• _Description of the task_:
For this exercise, restate word for word only the lines from the one containing "80mm Rockstud Patent" through the last line below. Pictures do not get copied.

• _Information shown_:
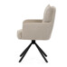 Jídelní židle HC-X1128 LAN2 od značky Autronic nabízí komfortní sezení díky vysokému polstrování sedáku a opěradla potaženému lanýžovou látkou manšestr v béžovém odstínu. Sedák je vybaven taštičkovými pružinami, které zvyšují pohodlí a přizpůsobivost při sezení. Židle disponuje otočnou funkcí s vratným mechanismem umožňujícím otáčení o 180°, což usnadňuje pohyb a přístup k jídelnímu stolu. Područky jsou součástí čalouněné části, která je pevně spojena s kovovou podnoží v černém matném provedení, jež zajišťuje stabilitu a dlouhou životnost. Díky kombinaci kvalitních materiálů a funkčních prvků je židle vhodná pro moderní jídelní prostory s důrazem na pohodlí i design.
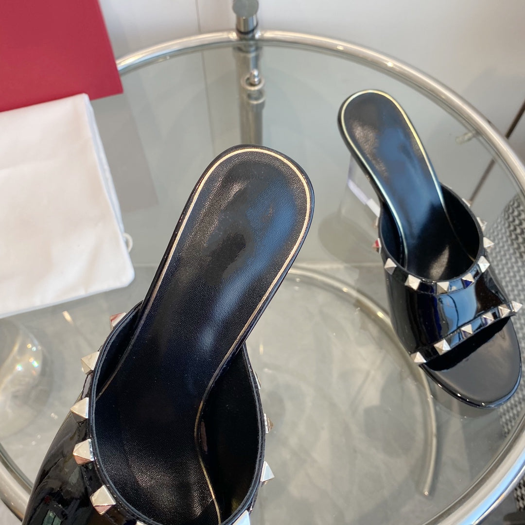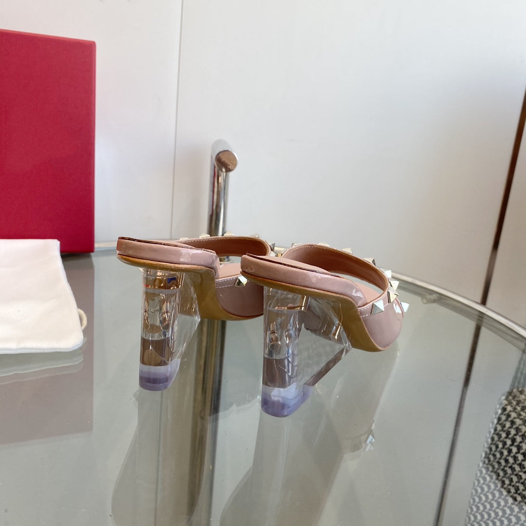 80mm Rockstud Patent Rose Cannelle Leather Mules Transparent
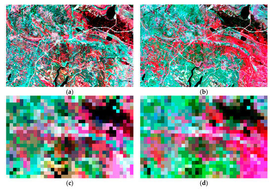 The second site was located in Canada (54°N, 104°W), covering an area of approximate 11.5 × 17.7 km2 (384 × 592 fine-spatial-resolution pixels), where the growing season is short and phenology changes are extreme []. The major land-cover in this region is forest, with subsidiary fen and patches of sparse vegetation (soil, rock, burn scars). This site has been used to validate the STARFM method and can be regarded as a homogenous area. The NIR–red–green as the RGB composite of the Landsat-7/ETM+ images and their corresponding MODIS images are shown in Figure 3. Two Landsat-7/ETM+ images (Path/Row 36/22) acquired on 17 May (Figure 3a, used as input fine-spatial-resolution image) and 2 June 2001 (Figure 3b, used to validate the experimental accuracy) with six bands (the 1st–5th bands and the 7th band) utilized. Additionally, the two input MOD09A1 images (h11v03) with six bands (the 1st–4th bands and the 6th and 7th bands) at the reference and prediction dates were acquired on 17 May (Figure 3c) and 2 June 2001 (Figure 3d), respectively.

• _Problem solution_:
 80mm Rockstud Patent Rose Cannelle Leather Mules Transparent
 The second site was located in Canada (54°N, 104°W), covering an area of approximate 11.5 × 17.7 km2 (384 × 592 fine-spatial-resolution pixels), where the growing season is short and phenology changes are extreme []. The major land-cover in this region is forest, with subsidiary fen and patches of sparse vegetation (soil, rock, burn scars). This site has been used to validate the STARFM method and can be regarded as a homogenous area. The NIR–red–green as the RGB composite of the Landsat-7/ETM+ images and their corresponding MODIS images are shown in Figure 3. Two Landsat-7/ETM+ images (Path/Row 36/22) acquired on 17 May (Figure 3a, used as input fine-spatial-resolution image) and 2 June 2001 (Figure 3b, used to validate the experimental accuracy) with six bands (the 1st–5th bands and the 7th band) utilized. Additionally, the two input MOD09A1 images (h11v03) with six bands (the 1st–4th bands and the 6th and 7th bands) at the reference and prediction dates were acquired on 17 May (Figure 3c) and 2 June 2001 (Figure 3d), respectively.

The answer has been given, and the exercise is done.